Hi Marc and Dario,
On 9/16/22 06:14, Jacob Kroon wrote:
...> What I do know is that if I revert commit:
"can: c_can: cache frames to operate as a true FIFO"
https://git.kernel.org/pub/scm/linux/kernel/git/torvalds/linux.git/commit/?id=387da6bc7a826cc6d532b1c0002b7c7513238d5f
then everything looks good.

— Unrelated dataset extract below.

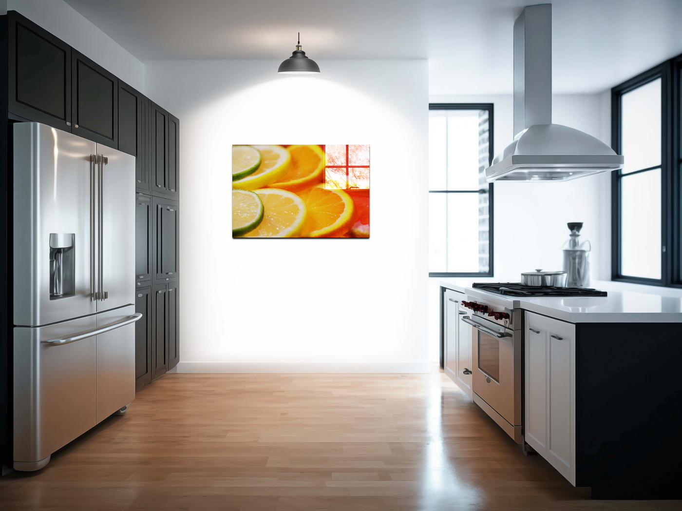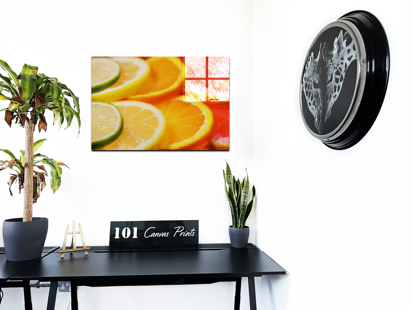 Infuse your space with a burst of freshness with this vivid close-up of citrus fruits, expertly captured by the 101 Canvas Prints photography team. Juicy slices of lemon, lime, and orange dominate the frame, creating a mouth-watering display of sunny yellows, vibrant greens, and rich oranges. The composition artfully showcases the fruits' translucent flesh and intricate segments, set against a warm, inviting background.

I don't get any BUG messages, and the host
has been running overnight without problems, so it seems to have fixed
the network interface lockup as well.
I ran the kernel *with* the commit above, and also with the following patch:
diff --git a/drivers/net/can/c_can/c_can_main.c b/drivers/net/can/c_can/c_can_main.c
index 52671d1ea17d..4375dc70e21f 100644
--- a/drivers/net/can/c_can/c_can_main.c
+++ b/drivers/net/can/c_can/c_can_main.c
@@ -1,3 +1,4 @@
+#define DEBUG
/*
* CAN bus driver for Bosch C_CAN controller
*
@@ -469,8 +470,15 @@ static netdev_tx_t c_can_start_xmit(struct sk_buff *skb,
if (c_can_get_tx_free(tx_ring) == 0)
netif_stop_queue(dev);
- if (idx < c_can_get_tx_tail(tx_ring))
+ netdev_dbg(dev, "JAKR:%d:%d:%d:%d\n", idx,
+ c_can_get_tx_head(tx_ring),
+ c_can_get_tx_tail(tx_ring),
+ c_can_get_tx_free(tx_ring));
+
+ if (idx < c_can_get_tx_tail(tx_ring)) {
cmd &= ~IF_COMM_TXRQST; /* Cache the message */
+ netdev_dbg(dev, "JAKR:Caching messages\n");
+ }
/* Store the message in the interface so we can call
* can_put_echo_skb(). We must do this before we enable
and I've uploaded the entire log I could capture from /dev/kmsg, right
up to the hang, here:
https://pastebin.com/6hvAcPc9
What looks odd to me right from the start is that sometimes when idx
rolls over to 0, and *only* when it rolls over to 0, the CAN frame gets
cached because "idx < c_can_get_tx_tail(tx_ring)".
Is it possible there is some difference between c_can and d_can in how
the HW buffers are working, which breaks the driver on my particular HW
setup ?
Regards,
Jacob